# Teaching English in HK



## MTR (Jul 1, 2010)

Hello guys!

I’m new to this forum so please bear with me  I have a few questions regarding employment in Hong Kong, specifically teaching English, but first a little background: I’m 23 years old and from the UK, I’ve been to HK to study Cantonese at the Chinese University of Hong Kong for 5 months. I don’t have a degree although I have studied at college for 3 years doing fitness, health & exercise, from this I have NQ, HNC and HND (Higher national diploma) which could enable me to go straight into the 3rd or 4th year of university. Working in HK is something I’ve always wanted to do and I believe I’d have a better chance teaching English than going into the fitness industry.

Currently I’m doing my 120 hour TEFL course and my question is:

•	Would this be enough for me to find employment? Be it private institutions or state schools.
•	What would the basic pay and hours per week be?

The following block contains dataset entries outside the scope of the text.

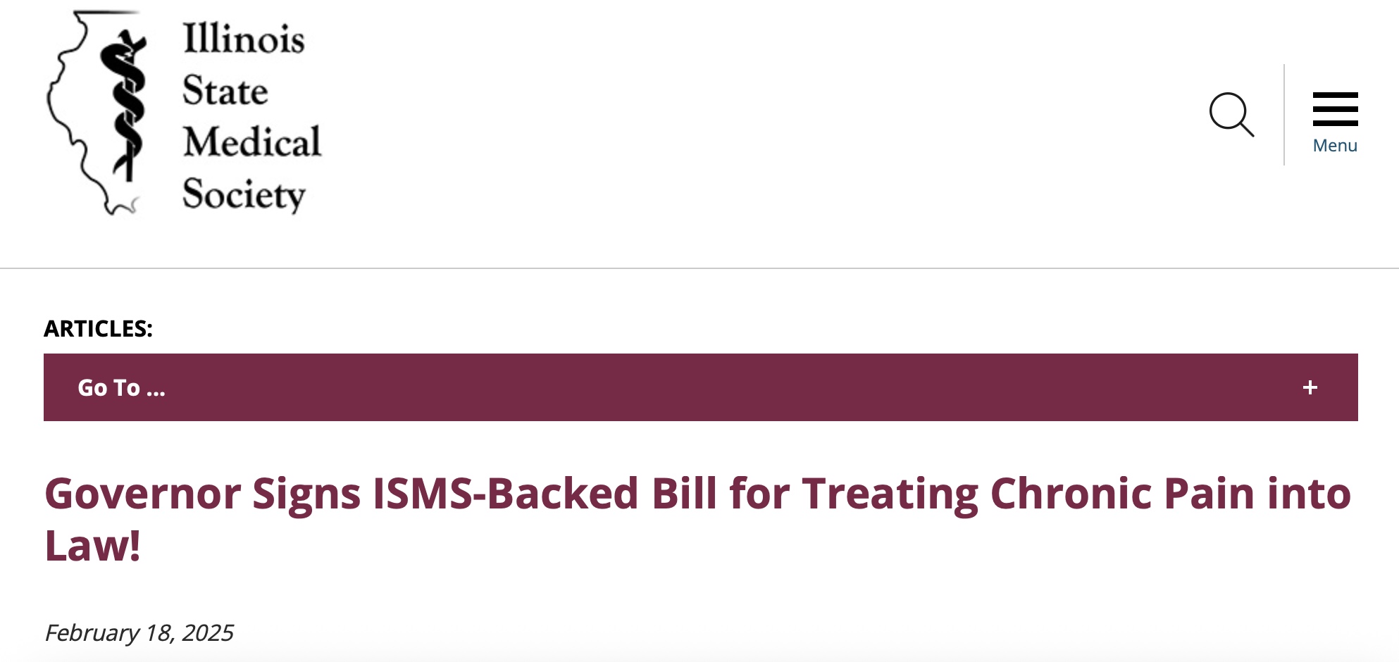 This year, Illinois adopted HB 5373, a bill to protect chronic pain patients and the healthcare professionals who treat them. HB 5373 has given many patients and doctors breathing room and has helped a lot of patients in other states access the care they may need in Illinois. We're proud to announce that HB 5373 has been partially implemented by Washington state, and other states are adopting new laws and policies that are modeled on that bill. In fact, there has been a discussion at the federal level about using Illinois's bill as a model. We were very excited to see Pain Medicine News, one of the leading publications for pain doctors and their patients, write about Illinois's new law and the protections it offers. If you're in Illinois, make sure you have a copy of the new law, which you can find here, and it's also a good idea to bring this article to the doctor if you need to help let someone know that the law has changed to protect your doctor and you. If you don't have an account to login to Pain Medicine News, you can create one for free to read about what Illinois did, which was pretty amazing--the bill passed UNANIMOUSLY and along bipartisan lines in the five votes it had in committees and on the House and Senate floors! Thanks to everyone who helped make Illinois's new law a reality, especially Representative Kelly Cassidy, who went out of her way to make sure that the chronic pain community is protected. We'll continue to work with Rep. Cassidy and the Illinois State Medical Society, which supported the bill (you can read about that here), to create new protections for pain patients and healthcare professionals in Illinois and elsewhere. We're grateful to Governor Pritzker for signing it and for the support of many organizations, from the American Medical Association to the World Sickle Cell Federation. In addition to the new law, the administrative agencies changed their guidance, so we do not rely on MME or the CDC anymore; instead, we follow the Federation of State Medical Board's (FSMB) 2024 Guidelines for Prescribing Opioids for Chronic Pain, which are flexible, patient-centered, and protect doctors who know that some patients need opioids to treat their pain, and no doctor acting in good faith or in the legitimate course of practicing medicine should be punished for helping the pain community. The United States' Supreme Court stated in another unanimous decision, U.S. v. Ruan, that doctors who prescribe along the lines mentioned above should not be penalized, but some courts are still getting it wrong, and unfortunately, the same is true for certain law enforcement agencies. With Illinois's new law, law enforcement cannot go on a "fishing expedition," trying to find doctors who prescribe pain medicine and punishing them for that reason alone, and MME guidance is no longer in use. Way to go, team!
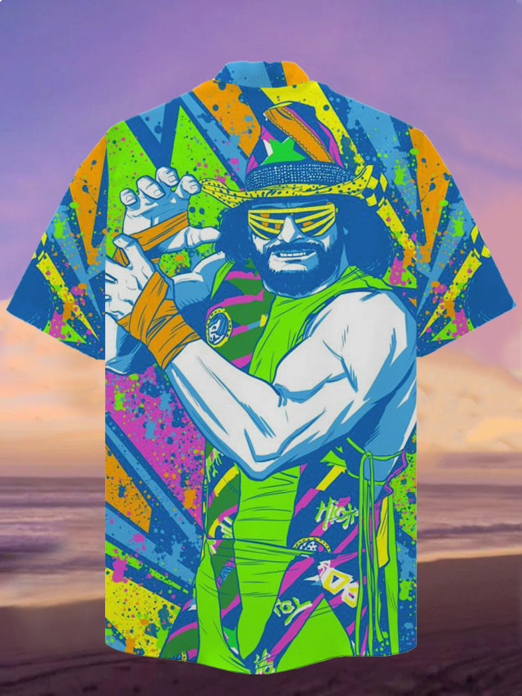 Eye-Catching Colorful Boxer Poster Printing Cuban Collar Hawaiian Short Sleeve Shirt
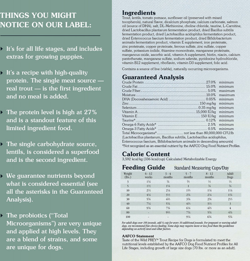 Shop / Dog Food / Taste Of The Wild Grain Free Prey Limited Ingredient Trout Dry Dog Food Taste Of The Wild Grain Free Prey Limited Ingredient Trout Dry Dog Food Taste Of The Wild $29.99 8 lb 25 lb 8-lb 25-lb Purchase Options Free In-Store Pick Up Not Available Save 10% on orders $49+ Set your store for inventory and store pickup details Zip Code Search Same-day Delivery* No minimum charge for delivery orders. *Order before 2pm and have it delivered today. Orders placed after 2pm will be delivered the next day. Must be inside delivery radius. Zip Code Unfortunately delivery is not available to this address. In order to ensure the best availability accuracy, changing your selected store will remove all items from your cart. You will need to re-add these items with your newly selected store if you choose to continue. Continue Cancel Ship it to Me Quantity Add To Cart Feeding guide disclaimer ✕ Feeding guides provide a starting point for the amount of food to give your pet each day. We recommend that you keep your pet in ideal body condition and not allow them to become overweight. The amount of food your pet needs can vary based on age, activity level or other food and treats given, so be sure to work with your veterinarian to determine an appropriate weight for your pet, and to make any necessary adjustments to their feeding. Information We believe everyone deserves to experience the benefits of simpler and cleaner eating. And that includes our pets. Limited ingredient diets may also be easier for some dogs to digest. In this simplified, limited ingredient recipe, real trout raised in spring-fed waters is the first of just four key ingredients. Along with chicken fat, trout also provides omega fatty acids that help maintain skin and coat health. Species-specific probiotics further support digestion, while guaranteed levels of antioxidants and DHA help support overall well-being. Finally, carefully selected vitamins and minerals ensure your dog is getting the balanced nutrition they require with the unique taste of trout they’ll crave. Ingredients Trout, lentils, tomato pomace, chicken fat (preserved with mixed tocopherols), natural flavor, dicalcium phosphate, calcium carbonate, salmon oil (source of DHA), salt, DL-Methionine, choline chloride, taurine, L-Carnitine, dried Lactobacillus plantarum fermentation product, dried Bacillus subtilis fermentation product, dried Lactobacillus acidophilus fermentation product, dried Enterococcus faecium fermentation product, dried Bifidobacterium animalis fermentation product, vitamin E supplement, iron proteinate, zinc proteinate, copper proteinate, ferrous sulfate, zinc sulfate, manganese sulfate, copper sulfate, potassium iodide, thiamine mononitrate, manganese proteinate, ascorbic acid, vitamin A supplement, biotin, niacin, calcium pantothenate, sodium selenite, pyridoxine hydrochloride, vitamin B12 supplement, riboflavin, vitamin D3 supplement, folic acid. Contains a source of live (viable), naturally occurring microorganisms. Guaranteed Analysis Nutrient Guaranteed Units Crude Protein 27% min Crude Fat 15% min Crude Fiber 5% max Moisture 10% max DHA 0.05% min Zinc 150 mg/kg min Selenium 0.35 mg/kg min Vitamin A 10,000 IU/kg min Vitamin E 150 IU/kg min Taurine 0.12% min Omega-6 Fatty Acids 2.5% min Omega-3 Fatty Acids 0.5% min L-Carnitine 500 mg/kg min Total Microorganisms 80,000,000 CFU/lb Customers also liked Customer Reviews
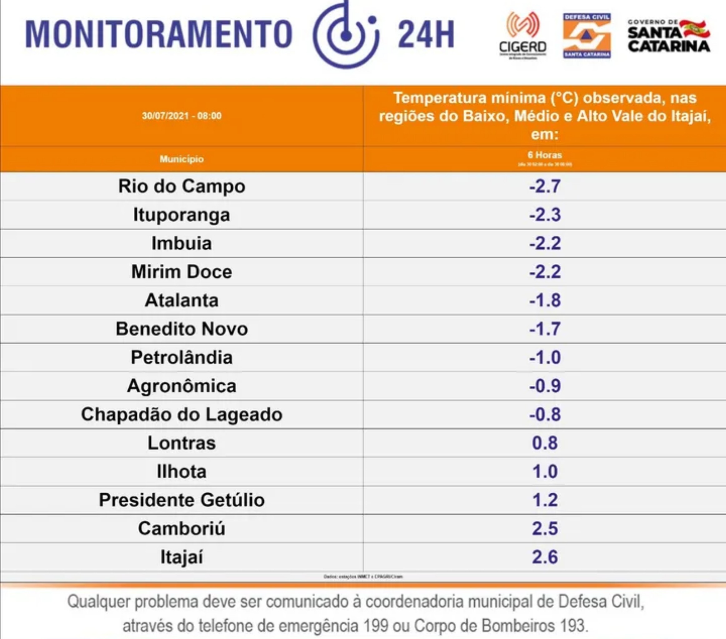 Frio extremo e geada ampla, toma conta de Santa Catarina: Camboriú chegou marcar 2,5°C e em Urupema teve a menor temperatura do ano com -8,9ºC diz Epagri.

When studying in HK I lived on a shoe string budget so I don’t expect to earn a lot, live in a big house or buy the latest gadget every week. I have no debts to pay and my loving family  could provide a small sum of money to help me start up living in HK. I’m happy living in a small apartment, much like the one I lived in during my studies which I could basically jump from one end to the other! Earning enough money to pay the rent and feed myself is all I need, no need for fancy meals every week.

If anybody has actual teaching experience in HK I would very much like to know about it!

I would appreciate any response, thank you very much!

MTR


----------



## Famiglia (Jul 9, 2010)

I actually joined looking for similar information. I differ in that

I don't speak any chinese/mandarin/cantonese etc

I have a masters degree in engineering

I have experience in engineering

I'd like to teach english, maths or physics (I have 'A' A levels in Maths, Further Maths and Physics and engineering required all of them)

Thanks to any and all that help


----------



## sakaeyellow (Jul 19, 2010)

I think if you can speak "textbook" accent, it'll be easy for you to find a teaching job. And Hong Kong people are somehow "racist" in this regard. If you are white, your teaching career will be much smoother.


----------



## MTR (Jul 1, 2010)

Thanks for your reply sakaeyellow.

MTR


----------